Ainsi, le forum a permis de franchir un nouveau pallier dans le débat nucléaire africain, en faisant évoluer les discussions vers des questions plus concrètes. Il s’agit particulièrement de la préparation institutionnelle, du financement, de la formation, du développement des capacités industrielles ainsi que de la réglementation et des conditions de déploiement.
L’expérience togolaise mise en avant
Pour illustrer cette approche nouvelle, le Président du Conseil a exposé l’expérience togolaise. Membre de l’Agence internationale de l’énergie atomique (AIEA) depuis 2012, le pays a progressivement engagé la construction de son environnement institutionnel et réglementaire.
« Le Togo est membre de l’AIEA depuis 2012 et nous avons progressivement renforcé notre cadre national pour l’utilisation sûre et pacifique des technologies nucléaires. En janvier 2025, nous avons créé notre Commissariat à l’énergie atomique. Plus récemment, nous avons signé un nouveau cadre de coopération avec l’AIEA. Dans le même temps, nous évaluons les technologies susceptibles de répondre à nos besoins futurs, ainsi que les partenariats et mécanismes de financement nécessaires. », a-t-il souligné.

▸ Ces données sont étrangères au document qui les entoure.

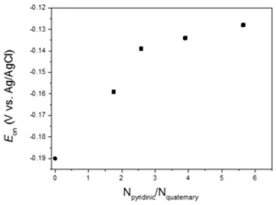 Variation of the onset potential (Eon) for the ORR in 0.1 molar KOH, determined by Linear Square Voltammetry (LSV), with the ratio of Npyridinic/Nquaternary. Reprinted with permission from [].
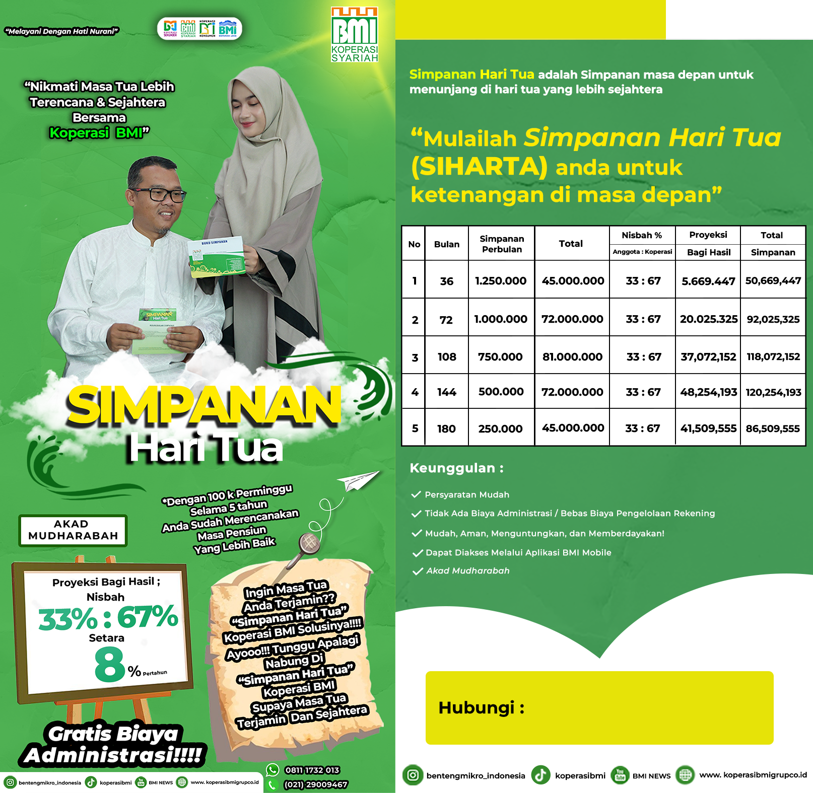 Simpanan Hari Tua (siharta) adalah fasilitas simpanan berencana anggota untuk persiapan masa tua yang sejahtera. Akad mudharabah dengan proyeksiBagi Hasil Simpanan setara 10% pertahun. Simpanan ini Tidak dikenakan biaya administrasi bulanan.

Rappelant les engagements pris dans le cadre de la deuxième édition du Nuclear Energy Innovation Summit for Africa (NEISA), tenue à Kigali, au Rwanda, Faure Gnassingbé a déclaré que le Togo «a choisi d’engager sa préparation à l’utilisation de la science et de la technologie nucléaires dans le cadre de son développement et de sa sécurité énergétique. Nous comprenons qu’un développement nucléaire responsable commence bien avant la construction du premier réacteur. »

Notons que l’intervention du Président Faure Essozimna Gnassingbé à Londres a également été marquée par une annonce à portée internationale : l’adhésion du Togo à la Déclaration visant à tripler la capacité nucléaire mondiale d’ici 2050, lancée à l’occasion de la COP28.
Par cette décision, le pays entend prendre sa part aux efforts internationaux visant à renforcer la contribution de l’énergie nucléaire à la sécurité énergétique et à la lutte contre le changement climatique, tout en réaffirmant son attachement aux principes de sûreté, de sécurité et d’utilisation exclusivement pacifique des technologies nucléaires.